**Exercise data:**

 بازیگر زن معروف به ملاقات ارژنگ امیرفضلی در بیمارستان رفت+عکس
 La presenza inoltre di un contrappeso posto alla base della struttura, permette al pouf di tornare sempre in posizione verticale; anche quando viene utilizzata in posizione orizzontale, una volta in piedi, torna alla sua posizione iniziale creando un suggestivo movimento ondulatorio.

==

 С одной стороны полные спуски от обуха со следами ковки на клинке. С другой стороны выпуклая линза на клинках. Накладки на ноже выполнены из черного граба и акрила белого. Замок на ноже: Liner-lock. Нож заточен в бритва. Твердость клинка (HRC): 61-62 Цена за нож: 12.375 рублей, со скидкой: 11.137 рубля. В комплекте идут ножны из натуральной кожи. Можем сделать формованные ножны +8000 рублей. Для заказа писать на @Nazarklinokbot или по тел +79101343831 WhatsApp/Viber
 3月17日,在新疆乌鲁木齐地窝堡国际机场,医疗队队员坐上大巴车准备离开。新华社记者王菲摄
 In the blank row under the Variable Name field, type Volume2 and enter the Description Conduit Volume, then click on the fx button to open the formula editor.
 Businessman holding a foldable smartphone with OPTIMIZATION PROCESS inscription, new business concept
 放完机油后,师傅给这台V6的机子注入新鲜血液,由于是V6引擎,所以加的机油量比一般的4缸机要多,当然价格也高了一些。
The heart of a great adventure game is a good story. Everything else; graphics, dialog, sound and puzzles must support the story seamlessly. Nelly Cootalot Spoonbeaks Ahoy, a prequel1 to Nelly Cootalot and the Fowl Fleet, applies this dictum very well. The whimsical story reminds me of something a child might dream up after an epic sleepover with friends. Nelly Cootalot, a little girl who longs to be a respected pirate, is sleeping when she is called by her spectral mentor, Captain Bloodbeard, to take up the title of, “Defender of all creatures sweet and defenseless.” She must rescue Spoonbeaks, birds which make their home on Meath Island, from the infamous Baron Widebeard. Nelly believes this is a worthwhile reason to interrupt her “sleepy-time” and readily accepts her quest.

**Task:** All lines in the data above from the one with "放完机油后,师傅给这台V6的" through the one with "The heart of" must be repeated exactly, and no others.

**Your response:**
 放完机油后,师傅给这台V6的机子注入新鲜血液,由于是V6引擎,所以加的机油量比一般的4缸机要多,当然价格也高了一些。
The heart of a great adventure game is a good story. Everything else; graphics, dialog, sound and puzzles must support the story seamlessly. Nelly Cootalot Spoonbeaks Ahoy, a prequel1 to Nelly Cootalot and the Fowl Fleet, applies this dictum very well. The whimsical story reminds me of something a child might dream up after an epic sleepover with friends. Nelly Cootalot, a little girl who longs to be a respected pirate, is sleeping when she is called by her spectral mentor, Captain Bloodbeard, to take up the title of, “Defender of all creatures sweet and defenseless.” She must rescue Spoonbeaks, birds which make their home on Meath Island, from the infamous Baron Widebeard. Nelly believes this is a worthwhile reason to interrupt her “sleepy-time” and readily accepts her quest.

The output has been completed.